■ Task objective
Give the data again word for word; drop the pictures.

+++ Exercise data +++

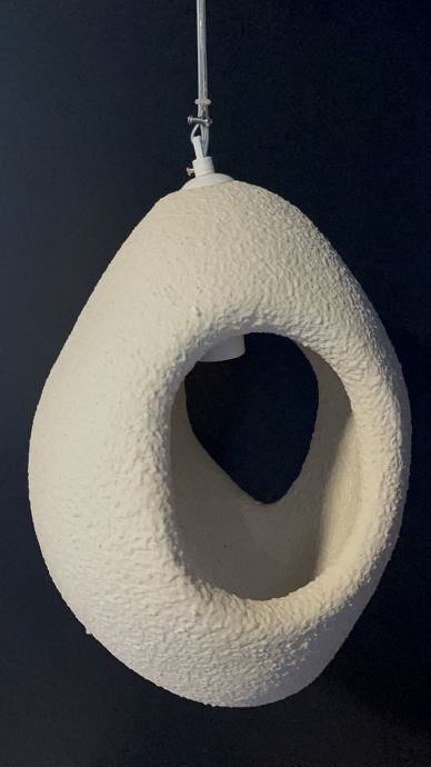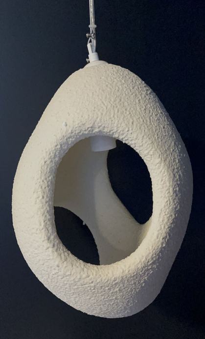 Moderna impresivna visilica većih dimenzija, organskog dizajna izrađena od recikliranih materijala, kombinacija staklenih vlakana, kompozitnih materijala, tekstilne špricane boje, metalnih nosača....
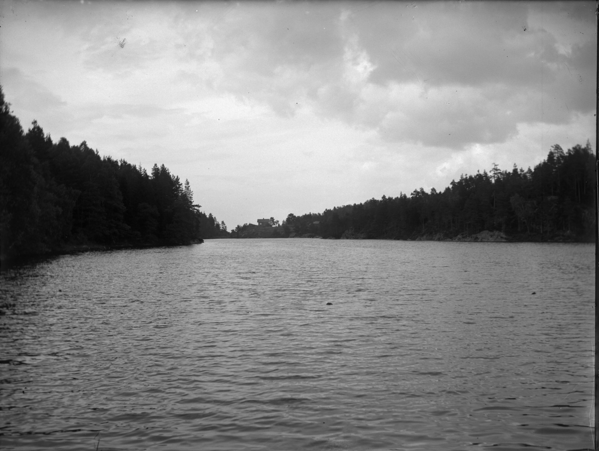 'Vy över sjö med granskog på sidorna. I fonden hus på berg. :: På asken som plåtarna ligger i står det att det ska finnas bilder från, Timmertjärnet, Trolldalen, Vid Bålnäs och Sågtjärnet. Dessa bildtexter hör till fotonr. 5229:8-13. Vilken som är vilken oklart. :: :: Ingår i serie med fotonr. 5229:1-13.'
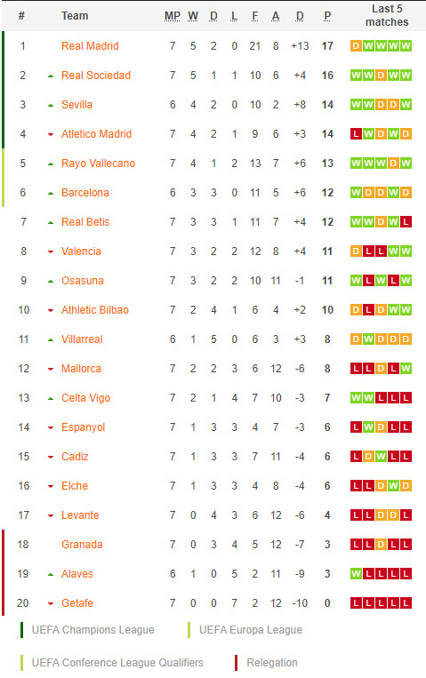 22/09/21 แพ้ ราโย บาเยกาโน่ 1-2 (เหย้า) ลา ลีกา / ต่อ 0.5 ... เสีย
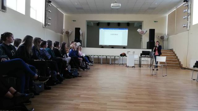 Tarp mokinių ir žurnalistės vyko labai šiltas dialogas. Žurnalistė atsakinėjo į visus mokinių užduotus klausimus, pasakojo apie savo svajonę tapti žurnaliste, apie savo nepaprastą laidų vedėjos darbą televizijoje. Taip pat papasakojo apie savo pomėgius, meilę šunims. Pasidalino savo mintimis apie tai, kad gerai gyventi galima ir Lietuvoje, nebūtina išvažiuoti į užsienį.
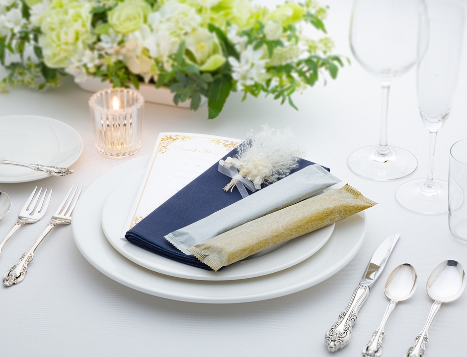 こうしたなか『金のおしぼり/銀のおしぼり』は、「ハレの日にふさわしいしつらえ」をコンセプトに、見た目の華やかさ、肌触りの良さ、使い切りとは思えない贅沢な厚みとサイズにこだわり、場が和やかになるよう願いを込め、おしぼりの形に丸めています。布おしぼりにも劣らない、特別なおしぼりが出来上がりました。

+++

■ Result of this exercise
 Moderna impresivna visilica većih dimenzija, organskog dizajna izrađena od recikliranih materijala, kombinacija staklenih vlakana, kompozitnih materijala, tekstilne špricane boje, metalnih nosača....
 'Vy över sjö med granskog på sidorna. I fonden hus på berg. :: På asken som plåtarna ligger i står det att det ska finnas bilder från, Timmertjärnet, Trolldalen, Vid Bålnäs och Sågtjärnet. Dessa bildtexter hör till fotonr. 5229:8-13. Vilken som är vilken oklart. :: :: Ingår i serie med fotonr. 5229:1-13.'
 22/09/21 แพ้ ราโย บาเยกาโน่ 1-2 (เหย้า) ลา ลีกา / ต่อ 0.5 ... เสีย
 Tarp mokinių ir žurnalistės vyko labai šiltas dialogas. Žurnalistė atsakinėjo į visus mokinių užduotus klausimus, pasakojo apie savo svajonę tapti žurnaliste, apie savo nepaprastą laidų vedėjos darbą televizijoje. Taip pat papasakojo apie savo pomėgius, meilę šunims. Pasidalino savo mintimis apie tai, kad gerai gyventi galima ir Lietuvoje, nebūtina išvažiuoti į užsienį.
 こうしたなか『金のおしぼり/銀のおしぼり』は、「ハレの日にふさわしいしつらえ」をコンセプトに、見た目の華やかさ、肌触りの良さ、使い切りとは思えない贅沢な厚みとサイズにこだわり、場が和やかになるよう願いを込め、おしぼりの形に丸めています。布おしぼりにも劣らない、特別なおしぼりが出来上がりました。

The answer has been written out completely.